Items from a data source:
--- START ---

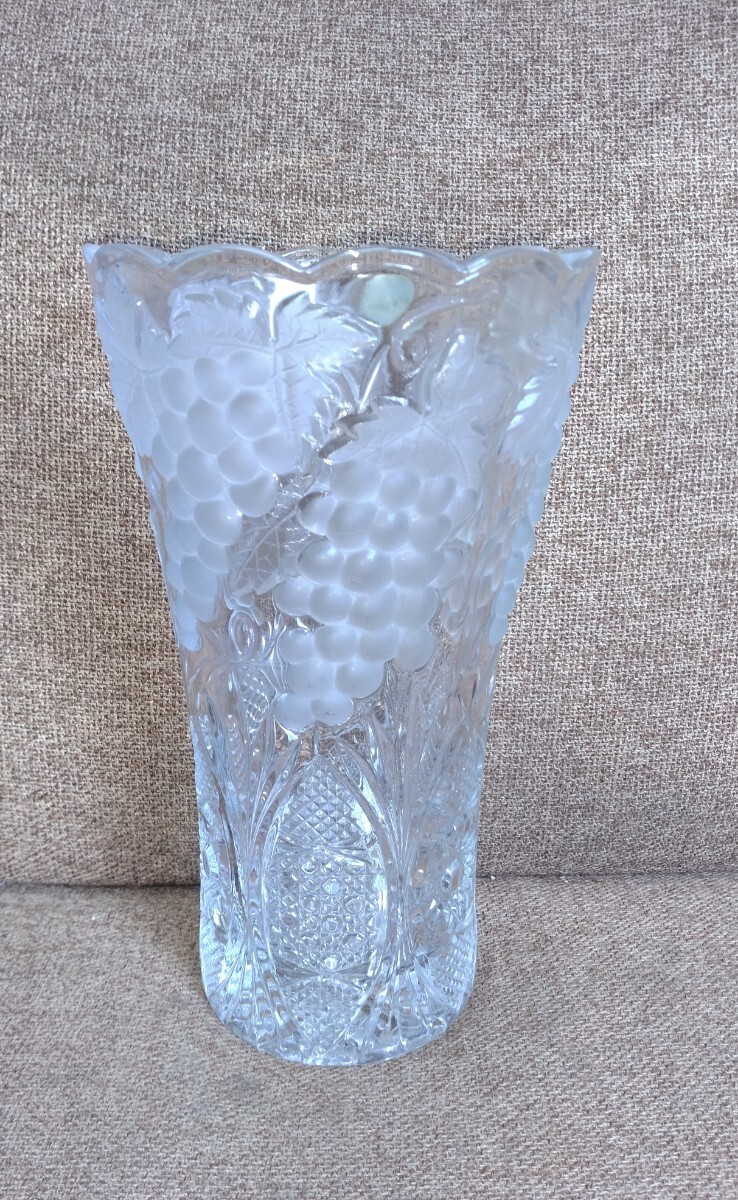 - K122【未使用/保管品】 SOGA硝子 フラワーベース クリスタルガラス パイン・葡萄 絵柄 インテリア雑貨 花器 花瓶 花入 CRYSTAL 元箱
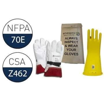Enespro Class 2 Yellow Rubber Voltage Insulating Glove Kit with Leather Protectors, Max. Use Voltage 17,000V AC/ 25,500V DC (KITGC2Y10)
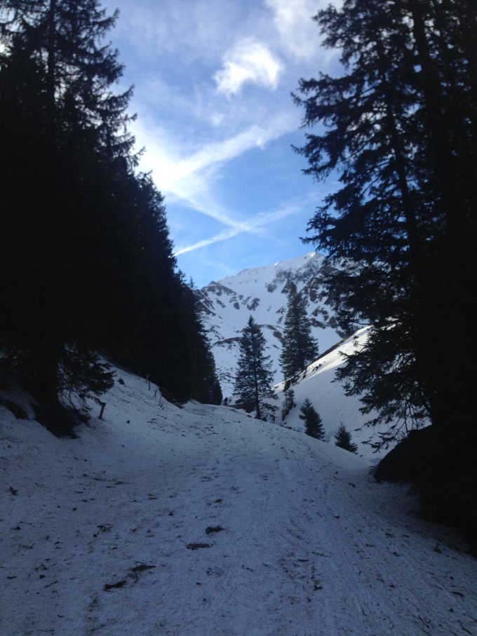 für Aufstieg und Abfahrt. Wider Erwarten erstaunlich gut zum abfahren: Kein Bruchharsch, hart und griffig, stellenweise eisig, aber dem kann man ausweichen. Aufstieg teils mühsam, da glasig.
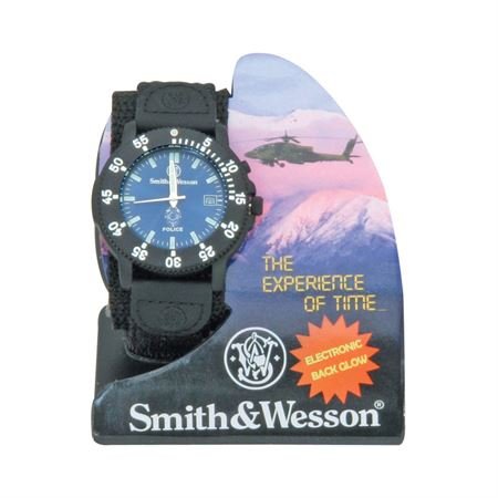 The Smith & Wesson SWW-455P Police Watch is a timepiece designed to keep up with your active lifestyle, while maintaining its bold look and dependability. Crafted with all the precision and reliability that's made Smith & Wesson a staple in the law enforcement community. Equal parts sturdy and stylish, it's all the watch you want, with the attention to detail and performance that you've come to expect from Smith & Wesson. This watch features precision quartz Japanese movement and includes (3) hands to show the hours, minutes and seconds, date display and a scratch resistant hardened mineral glass crystal that protects the dial. The electronic back-glow and glowing hands make for easy reading at night. The case comes in a stainless steel black-finish with a stainless steel caseback and the metal rotating bezel makes it easy to track elapsed time. This timepiece is water resistant up to 30-meters (90-feet) and ideal for anyone looking for adventure, sport or any daily rugged outdoor activity. The Smith & Wesson SWW-455P Police Watch comes with a 1-year limited warranty. CampCo is an established wholesale stocking master distributor. 2015 marks our 25th year of service to retailers all over the world. We are the official worldwide licensee for Smith & Wesson Watches and Pepper Spray, Humvee-gear, and UZI products. Our friendly and courteous staff are ready and willing to answer any of your questions. We pride ourselves in having the latest and most innovative products in the industry.Feature
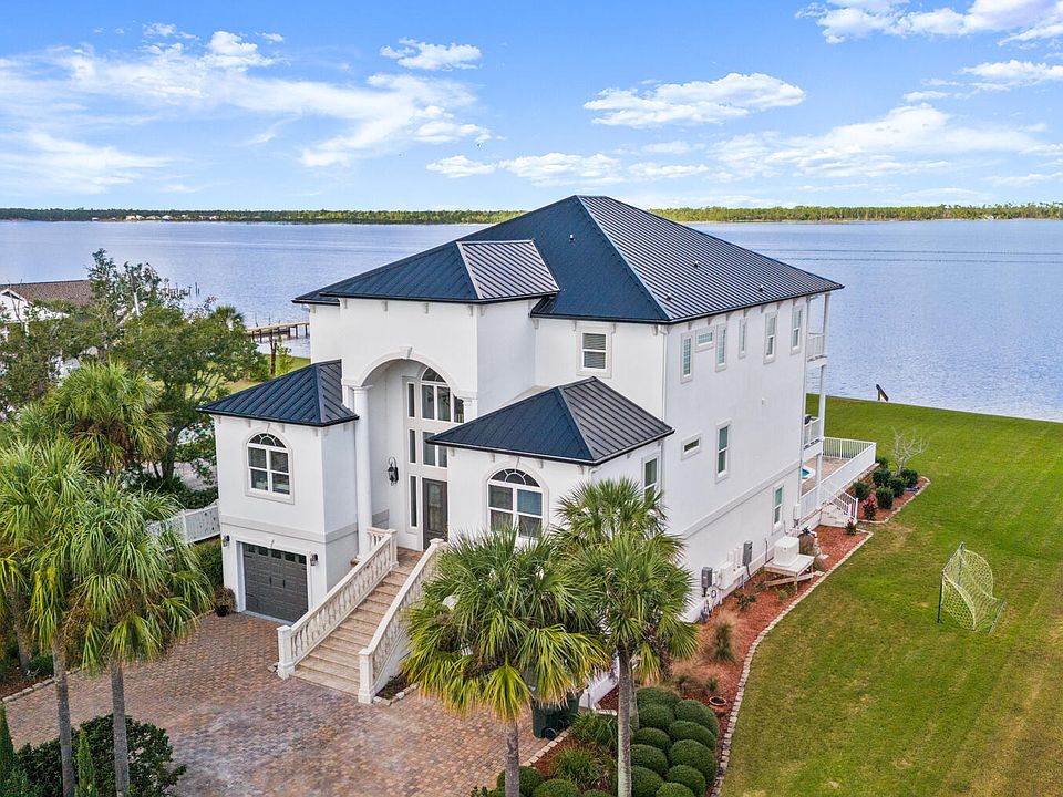 Tucked away at the end of a quiet road in the heart of Lynn Haven, this one-of-a-kind custom bayfront estate offers the ultimate in waterfront living. With over $215,000 in recent upgrades and panoramic views of the bay, this three-story home masterfully blends timeless elegance with modern convenience.

--- END ---

What is required:
Repeat the records above exactly. No pictures go into the repeat.

Answer section:
 - K122【未使用/保管品】 SOGA硝子 フラワーベース クリスタルガラス パイン・葡萄 絵柄 インテリア雑貨 花器 花瓶 花入 CRYSTAL 元箱
Enespro Class 2 Yellow Rubber Voltage Insulating Glove Kit with Leather Protectors, Max. Use Voltage 17,000V AC/ 25,500V DC (KITGC2Y10)
 für Aufstieg und Abfahrt. Wider Erwarten erstaunlich gut zum abfahren: Kein Bruchharsch, hart und griffig, stellenweise eisig, aber dem kann man ausweichen. Aufstieg teils mühsam, da glasig.
 The Smith & Wesson SWW-455P Police Watch is a timepiece designed to keep up with your active lifestyle, while maintaining its bold look and dependability. Crafted with all the precision and reliability that's made Smith & Wesson a staple in the law enforcement community. Equal parts sturdy and stylish, it's all the watch you want, with the attention to detail and performance that you've come to expect from Smith & Wesson. This watch features precision quartz Japanese movement and includes (3) hands to show the hours, minutes and seconds, date display and a scratch resistant hardened mineral glass crystal that protects the dial. The electronic back-glow and glowing hands make for easy reading at night. The case comes in a stainless steel black-finish with a stainless steel caseback and the metal rotating bezel makes it easy to track elapsed time. This timepiece is water resistant up to 30-meters (90-feet) and ideal for anyone looking for adventure, sport or any daily rugged outdoor activity. The Smith & Wesson SWW-455P Police Watch comes with a 1-year limited warranty. CampCo is an established wholesale stocking master distributor. 2015 marks our 25th year of service to retailers all over the world. We are the official worldwide licensee for Smith & Wesson Watches and Pepper Spray, Humvee-gear, and UZI products. Our friendly and courteous staff are ready and willing to answer any of your questions. We pride ourselves in having the latest and most innovative products in the industry.Feature
 Tucked away at the end of a quiet road in the heart of Lynn Haven, this one-of-a-kind custom bayfront estate offers the ultimate in waterfront living. With over $215,000 in recent upgrades and panoramic views of the bay, this three-story home masterfully blends timeless elegance with modern convenience.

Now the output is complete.